Нечеловеческий фактор (страница 15)
– Ноль три. По всему Союзу ноль три. А что у вас? – дежурная прибежала в номер, где жили всего сутки три учительницы из Алма-Аты.
– С сердцем приступ какой-то. Вот у неё, – Майя Аркадьевна кивнула на кровать. Поверх одеяла лежала женщина лет пятидесяти в светло-сером платье, зимних сапогах и в коричневой цигейковой шапке. Собирались часа три погулять по столице, полюбоваться, а Горбунову как раз на пороге и прихватило.
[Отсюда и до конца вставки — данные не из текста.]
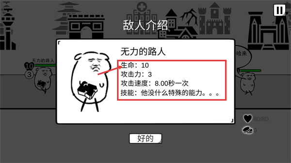1、了解【无力的路人】属性:【生命-10】【攻击力-3】【攻击速度-8.00秒一次】且无技能,可轻松应对。
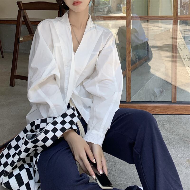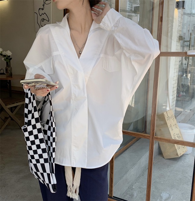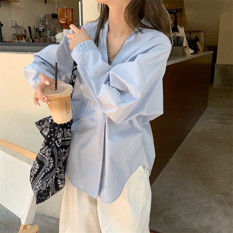 シンプルデザインシャツ フリーサイズ 着丈:67cm バスト:116cm 袖丈:67㎝ 撮影時のライティング、PCやスマートフォンの環境により写真の色味が実際の商品と異なって見える場合がございます。 ご了承の上お買い求めくださいませ。 ------------------------------------------------------
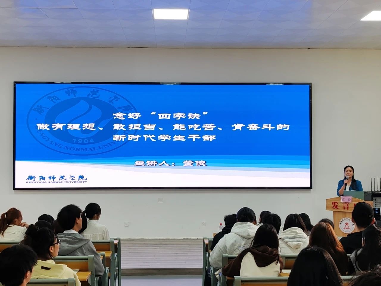 为全面提升员工干部的综合素质,持续强化全院员工干部的协同合作能力和自我管理能力,并充分发挥其在员工群体中的引领示范作用,tyc33455cc太阳成集团于2024年11月10日上午,在西校区学奎楼104教室举办了2024年下学期员工干部培训会暨“百廿荣光 薪火相传”主题演讲比赛决赛。本次会议荣幸邀请到学工部部长董俊担任主讲嘉宾,公司党总支副书记阳曼、学工办主任唐升、辅导员姚尽沙、谢峥以及唐波湘老师亦出席了本次会议,全体员工干部均列席聆听。
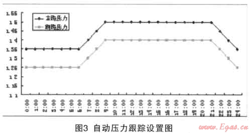 該功能可以預輸入最多4條壓力曲線,在不同的季節(jié)或者時間段選擇不同的壓力自動跟蹤曲線。
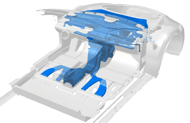 The conditioned air exits the HVAC case through the right / left Panel Ducts and right / left Bleed Ducts. The right and left Panel Ducts feed the Panel Duct Plenum, which is located in the instrument panel. The right and left Bleed Ducts feed the Bleed Duct Plenum, which is also located in the instrument panel. The Panel Duct Plenum provides airflow in the (X) direction, while the Bleed Duct Plenum provide airflow in the (Z) direction. Both the (X) and (Z) airflows meet outside the instrument panel to provide a combined panel airflow to the cabin.
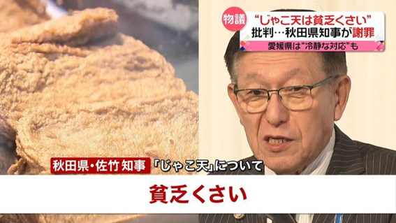 一言既出,秋田犬也难追。10月23日,日本秋田县知事佐竹敬久,在公开演讲时评价爱媛县的特产——杂鱼天(炸鱼饼)“看起来很寒酸”,引起民愤。只不过,引起的是秋田县的民愤。
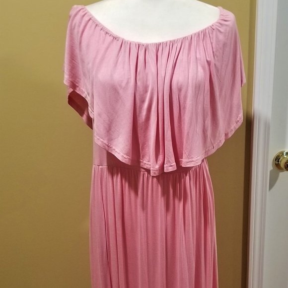Feminine Soft Pink Off The Shoulder Maxi Dress SZ Large
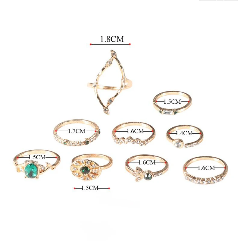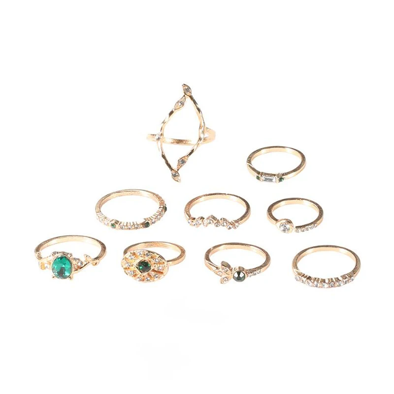 Женский комплект колец на концах пальца, 9 шт.компл., в богемном стиле, с зелеными кристаллами
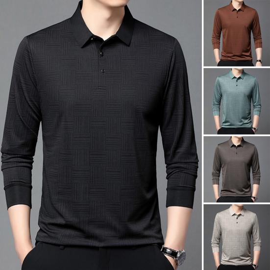 Модный клетчатый дизайн: Этот мужской топ отличается повседневным и стильным дизайном, имеет классический крой и воротник на пуговицах, что придает ему модный вид.. Дизайн с лацканами и длинными рукавами, украшенный уникальными клетчатыми узорами, добавит вашему гардеробу нотку модной универсальности.
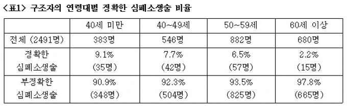 ƯÈ÷ Á¤È®ÇÑ ½ÉÆó¼Ò»ý¼ú ºñÀ²Àº ÀϹÝÀÎ ±¸Á¶ÀÚÀÇ ¿¬·É´ë°¡ ³ô¾ÆÁú¼ö·Ï ³·¾ÆÁ³´Ù. 40¼¼ ¹Ì¸¸Àº 9.1%, 40´ë´Â 7.7%, 50´ë´Â 6.5%, 60´ë ÀÌ»óÀº 2.2%·Î ³ªÅ¸³µ´Ù. [Ç¥1]
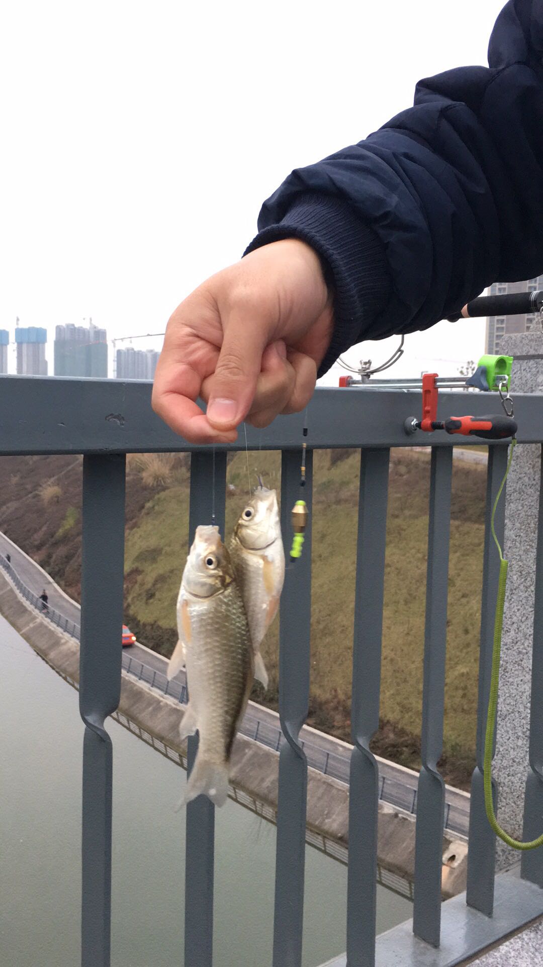 鲫鱼32个,1到3两,一线鱼3个。中午12点到6点。一根竿40元,光威小黄轮,主线0.06pe,子线0.8尼龙,伊豆3号,坠5.6克。桥高20米,水深7到8米。3级风。
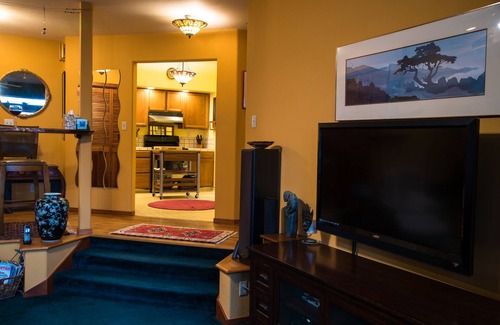 The Living room is on deck level which is only 3 steps down from the rest of the house.

– Мы в час дня вернулись с торжественного всесоюзного собрания учителей, самолёт в Алма-Ату улетает в пять тридцать вечера, – Зимина села рядом с Верой Фёдоровной Горбуновой и посчитала у неё пульс на запястье. – Сто семнадцать толчков за минуту. Плохо. Не надо было вам лететь на это собрание. Стресс же! Только время праздничное теряем. Народ в зале был с похмелья, рожи тусклые. Зато грамоты всем дали почётные. Почти все ради них на собрание и пошли, наверное. Я бы не полетела, но директор наш, змей. Строгий. Выговор влепит.
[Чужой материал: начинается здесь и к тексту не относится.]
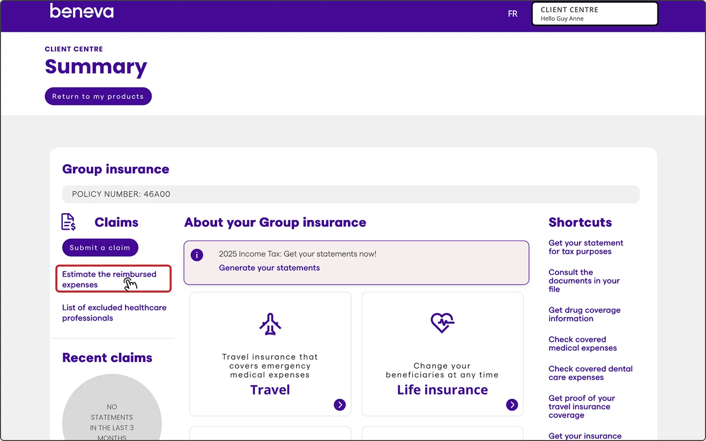 Get healthcare reimbursement information in the tool available in the Client Centre.
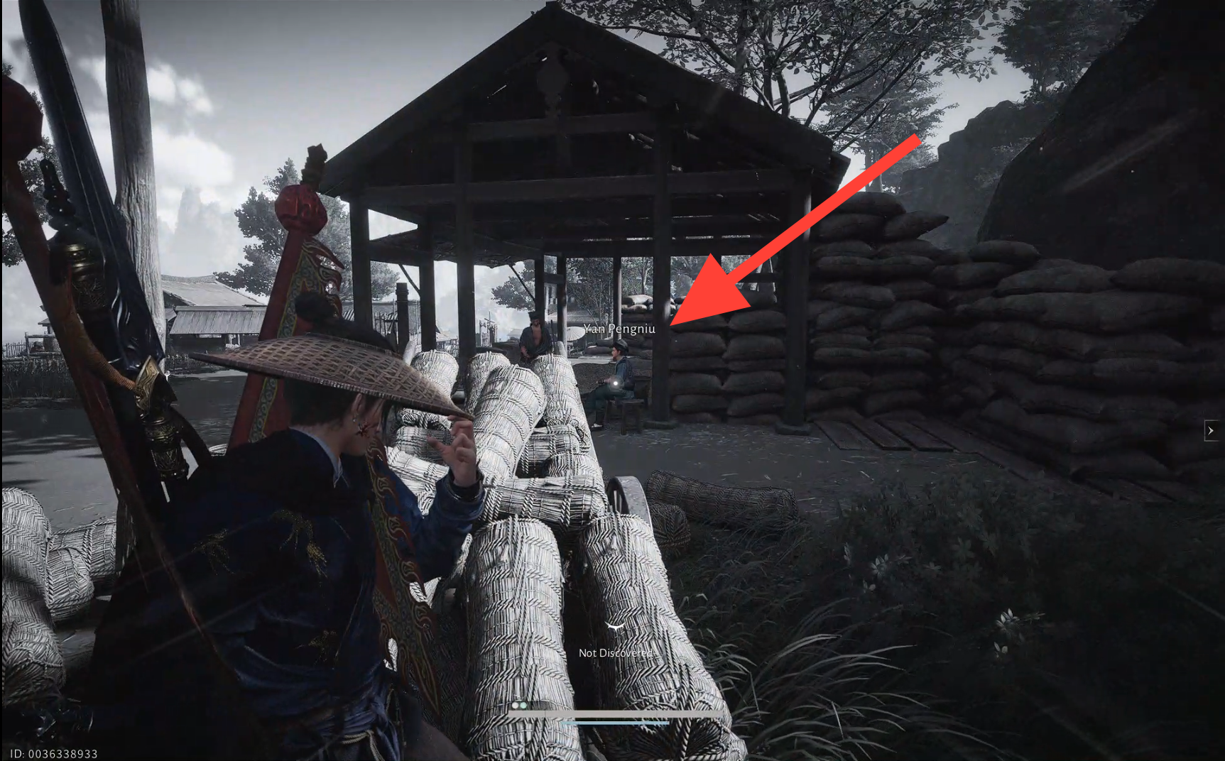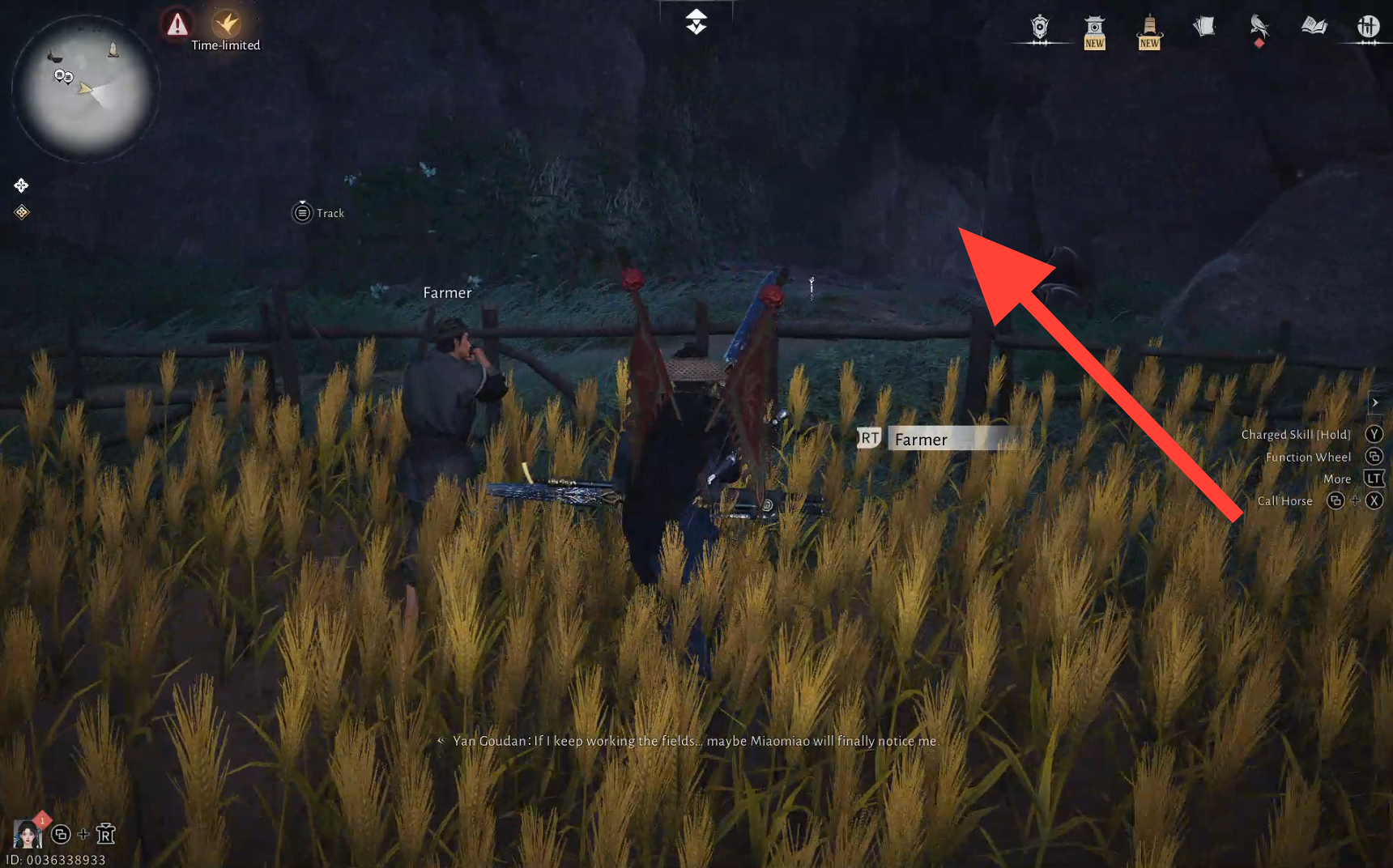 After trying to open the Granary door in Harvestfall Village, head to the marked location below and use Celestial Seize to steal the key from Yan Pengniu, who is seated under the nearby shed.
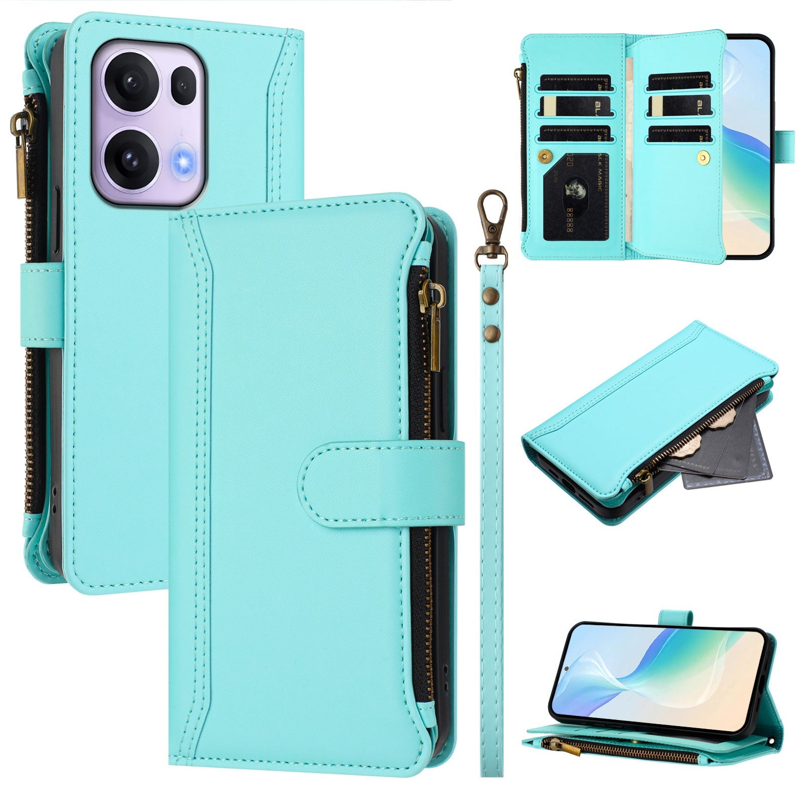 For Oppo Reno13 Pro 5G Leather Case 9 Card Slots Zipper Wallet Stand Phone Cover with Wrist Strap - Mint Green

– Да я вообще дура. – Майя Аркадьевна шлёпнула ладошкой себя по лбу. – Чёрт бы с ним, с выговором. На зарплату не влияет и ладно. А мне вчера надо было в гости. Сегодня тоже. И завтра. Подружек незамужних навалом. Нам с подружками ещё год до тридцати лет. Самый сок – девчонки! И к ним идут праздновать такие парни! Холостые красавцы, – Майя сладко потянулась. – А я обожаю когда в меня влюбляются! Так радостно на душе! Я и замуж не хочу поэтому. Тогда ведь парни будут всё равно липнуть, а мне уже отвечать взаимностью нельзя! Мужа предаю, значит. Хотя, честно, мне вот по фигу. Правильно говорят: муж не стена, можно и подвинуть.
Майя Архиповна искренне захохотала, но глянула на усталую больную Горбунову и смутилась. Затихла.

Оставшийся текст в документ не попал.